### [Data segment]

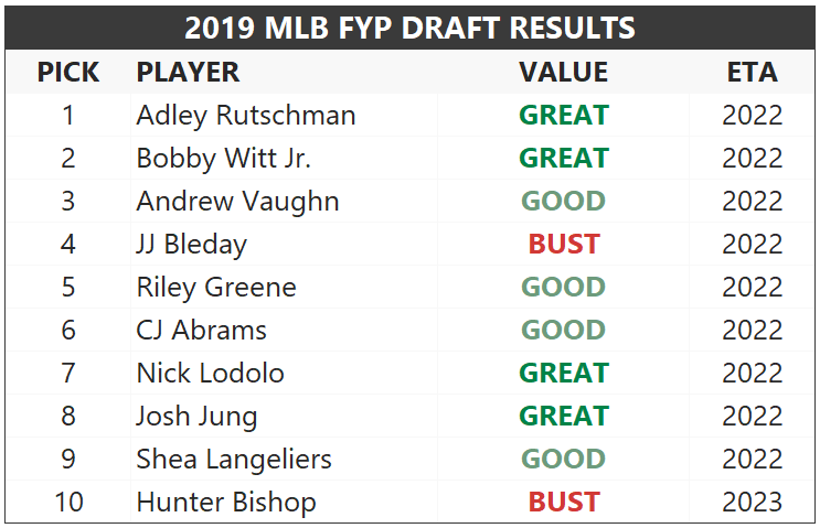 This Draft Class is an outlier, but there’s still knowledge to be gained from it. Littered with Franchise-altering talent (Rutschman, Witt Jr., Jung, etc.) and you still find notable Busts within the first ten picks. Be honest, did you know that JJ Bleday (a Miami Marlins draft pick) is now in the Oakland Athletics’ outfield? A platooned bat in the Athletics lineup with a .182 Career Batting Average is not what we are looking to collect with a FYP Draft Selection, but in 2019, your perception would have been that he was the fourth best available option in the Player Pool.
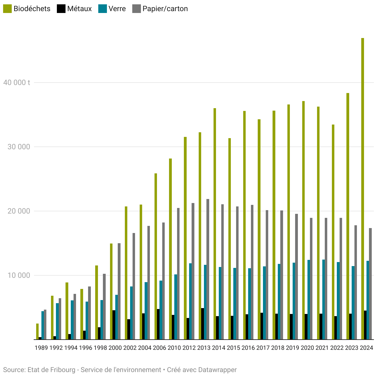 Comme mentionné en préambule, cette statistique ne considère que les principales fractions de déchets valorisables, soit les biodéchets, les métaux, le verre et le papier-carton. Ce choix de publication permet de suivre l’évolution de données dont la récolte est stabilisée depuis de nombreuses années.
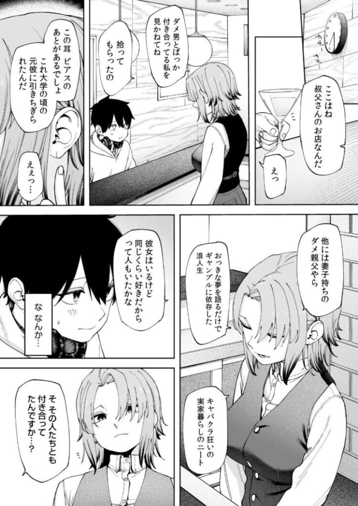 オフ会の数日後。リオとぎこちない関係になってしまったリツキは、パーティのメンバーの一人・ライラさんが働くバーを訪れていた。バーと同じく落ち着いた雰囲気をまとうライラさんには、なにやらいろいろなことが見透かされているようで……。「リツキくんのこと……楽にしてあげる」頭の中にうずまく悩みを話したリツキへの、ライラさんの答えとは……。
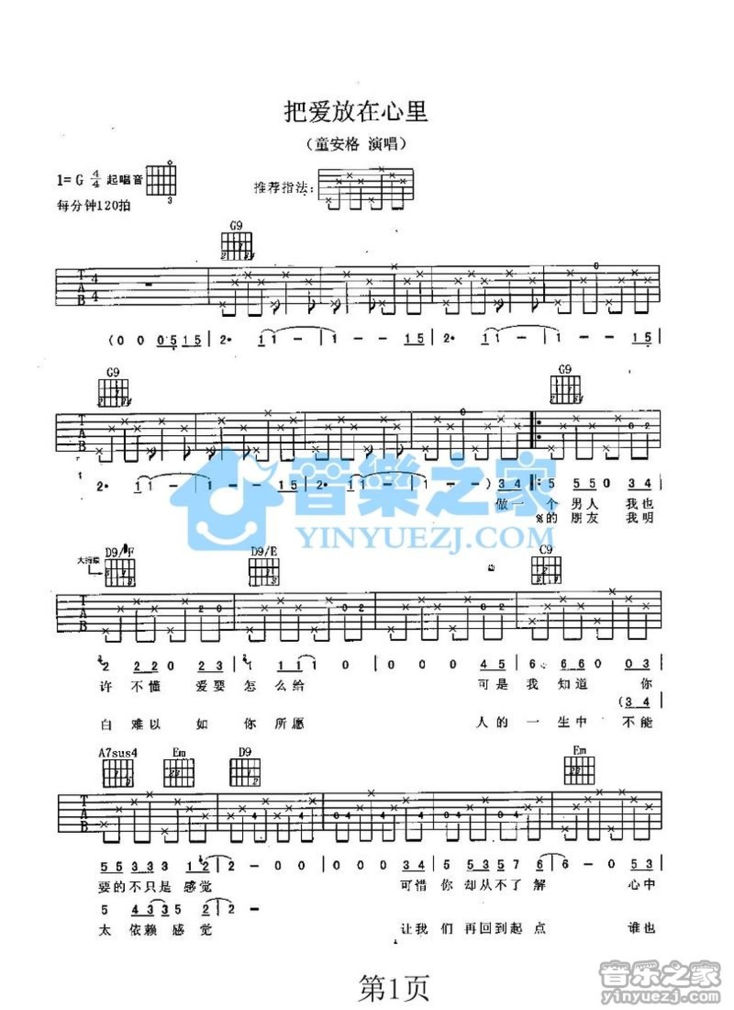 曲谱介绍: G调《把爱放在心里》吉他弹唱六线谱

### [Prompt]
Reproduce all of the material above word for word. Omit the pictures.

### [Answer space]
 This Draft Class is an outlier, but there’s still knowledge to be gained from it. Littered with Franchise-altering talent (Rutschman, Witt Jr., Jung, etc.) and you still find notable Busts within the first ten picks. Be honest, did you know that JJ Bleday (a Miami Marlins draft pick) is now in the Oakland Athletics’ outfield? A platooned bat in the Athletics lineup with a .182 Career Batting Average is not what we are looking to collect with a FYP Draft Selection, but in 2019, your perception would have been that he was the fourth best available option in the Player Pool.
 Comme mentionné en préambule, cette statistique ne considère que les principales fractions de déchets valorisables, soit les biodéchets, les métaux, le verre et le papier-carton. Ce choix de publication permet de suivre l’évolution de données dont la récolte est stabilisée depuis de nombreuses années.
 オフ会の数日後。リオとぎこちない関係になってしまったリツキは、パーティのメンバーの一人・ライラさんが働くバーを訪れていた。バーと同じく落ち着いた雰囲気をまとうライラさんには、なにやらいろいろなことが見透かされているようで……。「リツキくんのこと……楽にしてあげる」頭の中にうずまく悩みを話したリツキへの、ライラさんの答えとは……。
 曲谱介绍: G调《把爱放在心里》吉他弹唱六线谱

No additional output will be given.